Step 0: Resolve Plugin Root and Project Directory
Locate the plugin's bundled scripts (needed later for toolkitDir):
find ~/.claude -path "*/grc-portfolio/scripts/deploy.sh" 2>/dev/null | head -1
Strip /scripts/deploy.sh from the result to get PLUGIN_ROOT. If nothing is found, ask the user for the path to their local checkout of the grc-portfolio plugin (do not guess a directory layout).
Determine the project directory from $ARGUMENTS. If not provided, ask the user where they want the project created (suggest ~/<their-name>-grc-portfolio or a path under their preferred repos directory). Create the directory if it doesn't exist.
Step 1: Identity
Ask these questions (3–4 at a time, conversationally):
- Full name
- Current job title (e.g., "Senior GRC Engineer", "Information Security Manager", "Compliance Lead")
- Years working in GRC
- Brief professional summary (2–3 sentences they'd use as a bio — you can draft one based on their answers if they want)
- LinkedIn URL
- GitHub URL (optional)
- Personal/professional email (for contact form)

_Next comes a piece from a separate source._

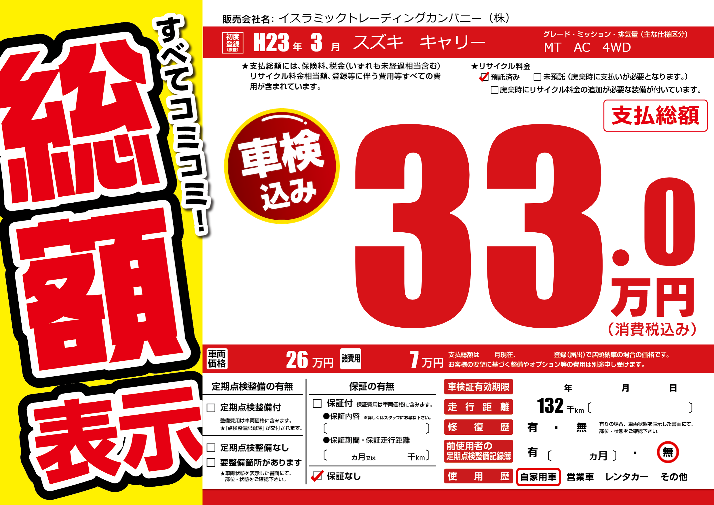 | 走行キロ | 13.2万km | 初年度登録 | H23年3月 |

- Location (city/state or remote)
- Do they have a professional headshot? (yes/no — if yes, note the filename they'll drop in the project)
Step 2: GRC Expertise
Ask which frameworks they specialize in. Present the full list — let them pick all that apply:
SOC 2 | ISO 27001 | NIST 800-53 | FedRAMP | PCI-DSS | HIPAA | CMMC | HITRUST |
GDPR | CIS Controls | DORA | StateRAMP | NIST CSF | NYDFS | Essential Eight |
ISMAP | IRAP | PBMM | CSA CCM | GLBA
Also ask:
- Primary specializations (pick all that apply): Compliance auditing, Risk management, Policy development, Compliance engineering/automation, Third-party risk management (TPRM), GRC tooling implementation, Security program management
- Industry verticals they've worked in (SaaS/tech, fintech, healthcare/HIPAA, government/FedRAMP, retail/PCI, critical infrastructure, etc.)
Step 3: Certifications
Ask about certifications. Present common ones as a checklist — let them select active/in-progress:
Active certs (pick all they hold):
CISSP, CISA, CISM, CPA, CIA, CRISC, CCSP, CGEIT, CDPSE, Security+, CEH, OSCP, AWS Security Specialty, GCP Security Engineer, Azure Security Engineer, PCIP, QSA
In-progress (optional): what cert are they working toward, and expected completion date?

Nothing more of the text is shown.